甜沁目送着他们夫妻,不知有什么要事,大抵是铺面、庄园、中馈之类的。她一人坐在原地,又舀了几口粥送入口中,望着天外的飞鸟,想着自己的心事。
早膳用完了,朝露道:“姑娘回去吧,主君和主母在内堂议事,咱们老坐这里也不好,以为咱们蓄意偷听。”
甜沁深以为是,立即起身离开。
午后,咸秋找上甜沁,欢欢喜喜道:“甜儿,家里要办一场马球会。”
甜沁道:“二姐姐,我不会打马球。”
咸秋似信非信:“听母亲说,你常常与苦菊争着抢着要参与马球会。”
甜沁以前往前凑,因为马球会可以见到许多青年才俊,她谋自己的婚事。而今希望破灭,沦为婢妾,再耻于到那种充满生命力的地方了。
“我本来马术差,这几日又身子不爽,恐怕给姐姐添麻烦。”
甜沁推诿道,似一朵枯萎的花。
咸秋锲而不舍劝道:“打球倒是其次,主要是庄子里出了一批新料子,咱们裁成闪闪亮亮的衣裳,穿出来亮相给贵妇们看看,带动销路。”
内心深处,咸秋隐隐盼望甜沁去,作她和谢探微爱情的见证。因为甜沁的存在,咸秋有了十足的对比感和优越感,以前竟没体会到谢探微对自己这样独特,这样钟情。
纳妾之前,咸秋担忧甜沁分走宠爱,实在杞人忧天,太高估甜沁,也太低估谢探微神仙一流的人品了。
他是她的丈夫,唯一钟情她的丈夫。
甜沁推诿不得,答应下来。
隔两日,咸秋果然命人送来一批剪裁工整精致的衣裙,用了时兴的锦缎,是谢氏门下一间绸缎庄的新品。摸上去滑不留手,状若把天边彩云穿在身上,名为“彩云锦”。
朝露和晚翠都很兴奋,在余家哪见过这种珍品,“小姐,快穿上试试吧。”
甜沁穿上试了下,甚为合身。官眷贵妇往往是带动京城的风向标,恰如皇后发髻戴了根明月钗,翌日明月钗的仿品便传遍大街小巷。
甜沁道:“衣裳有贝母的光泽,在阳光下很好看。
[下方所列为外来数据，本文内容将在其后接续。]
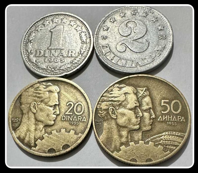 1953-1955-1955-1965 Yılları 1-2-20-50 DİNAR /Yugoslavya Sosyalist Cumhuriyeti Parası (YBMY4) 4’lü LOT KM#31- 1953-2 Dinar KM#34- 1955-20 Dinar KM#35- 1955-50 Dinar /KM#47-1965-1 Dinar

”
但凭她穿光鲜亮丽的衣裳,高兴不起来。
马球会在一处空旷的草地举办,谢家在山野的庄园内。名流贵士络绎不绝,个个皆身份高贵,让人谈吐不自觉优雅起来。
咸秋身体病弱,马术亦欠佳。奈何她是今日的主角,一身彩云锦被阳光折射,衬得她好似月光的仙子,赢得官眷们的窃窃私语和打听。效果极佳,明日彩云锦必定成京城新风尚,谢家绸缎庄数钱数到手软。
谢探微一身墨色骑衣,扎紧袖口,劲装结束,俊颜愈添几分洒脱与爽朗。他与咸秋夫妻二人同纵马锤丸,伉俪成双,郎才女貌,十分养眼,赢得一片赞喝声。
甜沁坐在阴凉的棚子下,握着一片叶子,索然观察叶脉的纹路。
教导过的甜沁的谢府老嬷嬷走过来,道:“姨娘去给主君和主母送茶吧,他们下场了。”
这点事还用提醒,老嬷嬷觉得她呆痴。
甜沁默默温了茶盘端去,谢探微与咸秋方坐下,额角沁着薄汗。甜沁放下了高傲,举案齐眉道:“姐夫姐姐请用茶。”
“多谢妹妹。”咸秋笑容满面道谢,接了茶碗,递去给谢探微。
“嗯,这茶很香呢,淡淡的,多加了什么?”
谢探微品了品,道:“松针和梅花。”
咸秋喟然:“还是夫君会品茶。”
谢探微静漠而视:“茶沫里面有小梅瓣。”
咸秋面色薄红,靠在了谢探微肩头。
甜沁风平浪静立在一旁,宛若透明人。她一双眼睛波光浮动,远处的马鞍镀了金,烈阳下射得人眼睛刺痛,更远处,云朵聚成了马头形状。
她想悄悄走掉,却被咸秋叫住:“甜妹妹。”
从袖中拿出一支雀头步摇,摇摇晃晃的金穗,是上午赢来的彩头。
“妹妹戴上吧,颜色很衬你。”
甜沁迟疑,感觉谢探微的视线也扫向自己,压力甚大,慢吞吞矮身在咸秋膝下,道:“多谢二姐姐,我原是配不上这么好的步摇。”
咸秋仔细将步摇插好,“谁说你配不上。”
转头又问谢探微,“夫君你瞧好不好看?”
谢探微未曾回答,呷了口茶。
下午的马球照旧,甜沁依旧百无聊赖,玩弄着手里的雀头步摇。暮色墨汁般笼罩而来,马球会终得结束,甜沁像个小影子跟在姐夫姐姐身后,听他们商议着绸缎庄的事,以及今晚临时在庄园歇脚,明日再回府。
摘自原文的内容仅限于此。